Enhancing Transdiagnostic Mechanisms of Cognitive Dyscontrol

Status
Recruiting
Phases
Phase 2Phase 3
Study type
Interventional
Source
ClinicalTrials.gov
Registry ID
NCT06273527
Enrollment
128
Registered
2024-02-22
Start date
2024-10-01
Completion date
2027-08-01
Last updated
2025-10-24

For informational purposes only — not medical advice. Sourced from public registries and may not reflect the latest updates. Terms

Conditions

Anxiety Disorders, Depression, Post Traumatic Stress Disorder

Brief summary

The proposed project aims to test the cognitive and neural effects of a cognitive training in a sample of individuals seeking treatment for anxiety, depression, or traumatic stress symptoms. Participants will be randomly assigned to one of two groups. Group 1 will receive a computer-based program that is designed as a cognitive training intervention and Group 2 will receive a similar computer-based exercise that researchers think will be less effective in training thinking skills (also known as a control or sham condition). Participants will be compared on cognitive performance and brain response during cognitive tasks from baseline to post-treatment.

Detailed description

Mood, anxiety, and traumatic stress disorders are common psychiatric conditions - affecting over 40 million U.S. adults - and are leading causes of disability worldwide. People with these conditions are commonly plagued by difficulty controlling distressing personal thoughts and memories, collectively referred to as repetitive negative thinking symptoms. Models suggest that repetitive negative thinking is driven by executive functioning deficits, such that cognitive resources are insufficient to downregulate unwanted thoughts. Executive functioning deficits could be a promising treatment target but are not typically addressed with existing interventions. The long-term goal advanced by this project is to develop effective, mechanistic cognitive training programs that can improve cognition and reduce symptoms associated with mood, anxiety, and traumatic stress disorders.
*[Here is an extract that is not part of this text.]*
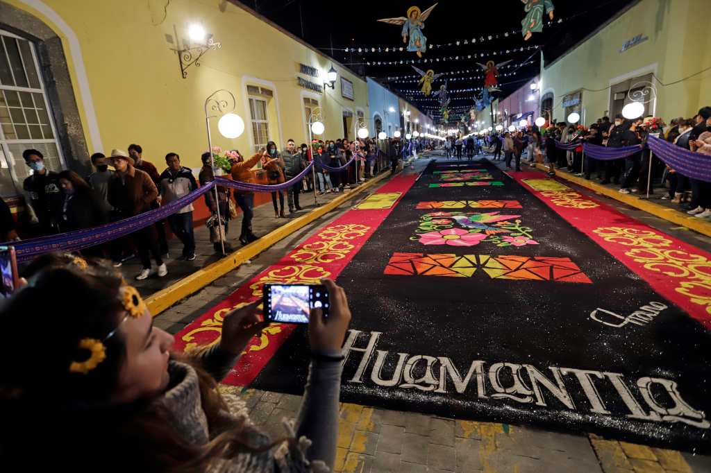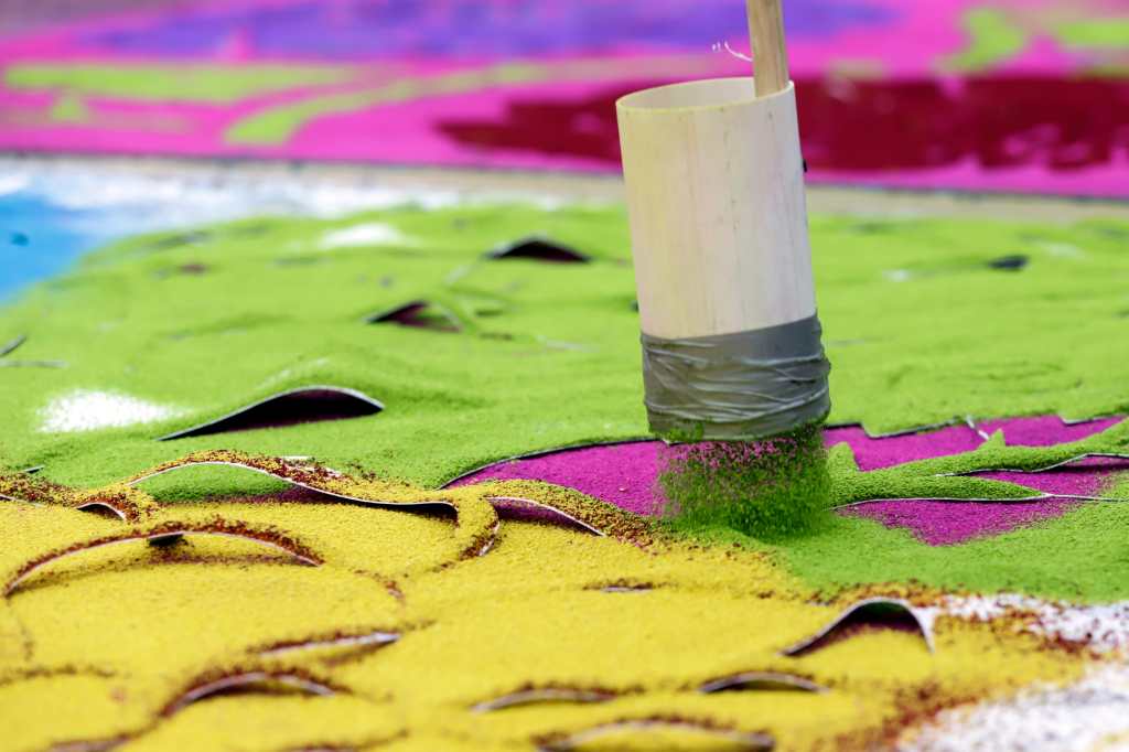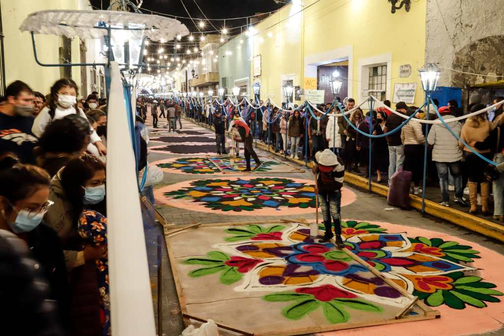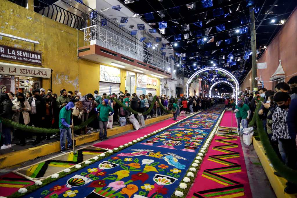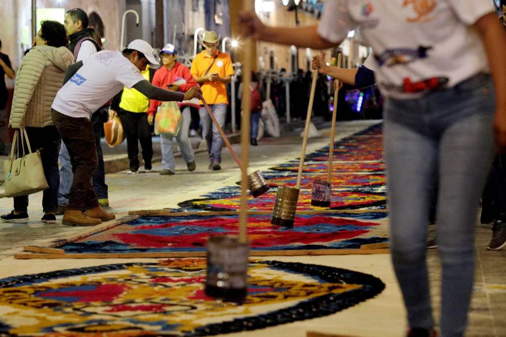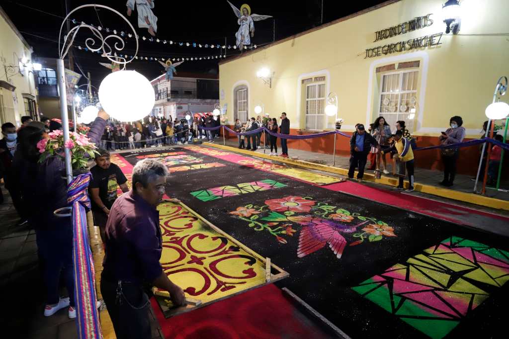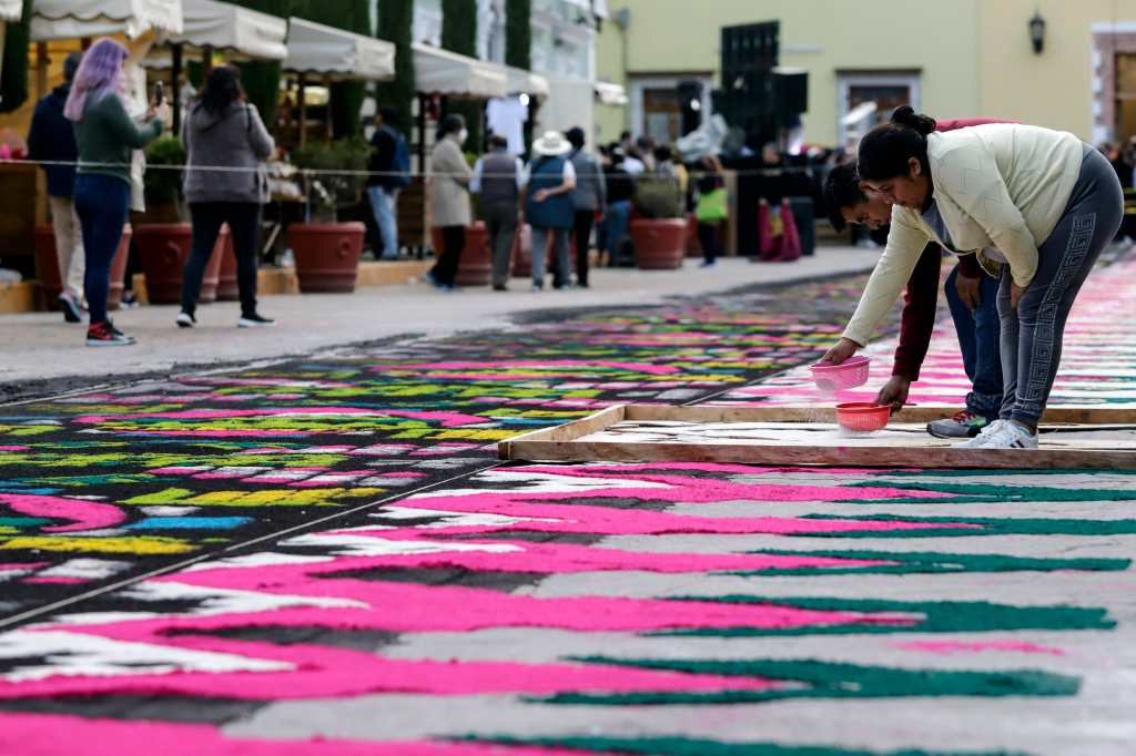 El artesano Jaime Servín Altamirano compartió con Efe que desde los 7 años apoyaba a su padre a colocar tapetes en la ciudad, donde aprendió a combinar colores, diseñar imágenes para plasmarlas en moldes elaborados con cartón y entonces colocarlas en un arco de madera.

The objectives of this proposal is to evaluate the cognitive effects of the optimized computer-based cognitive training intervention relative to a sham training program (ST). The central hypothesis is that the cognitive training intervention will enhance executive functioning and will lead to a reduction of repetitive negative thinking in mood, anxiety, and traumatic stress disorders. The project will randomize participants with depression, anxiety, and/or traumatic stress disorders to a cognitive training intervention program or a sham training program. The investigators will examine executive functioning change with cognitive task performance and functional neuroimaging assessments.

Interventions

BEHAVIORALCOGENT

COGENT is based on a working memory capacity task, which requires individuals to memorize stimuli while simultaneously completing a secondary puzzle task.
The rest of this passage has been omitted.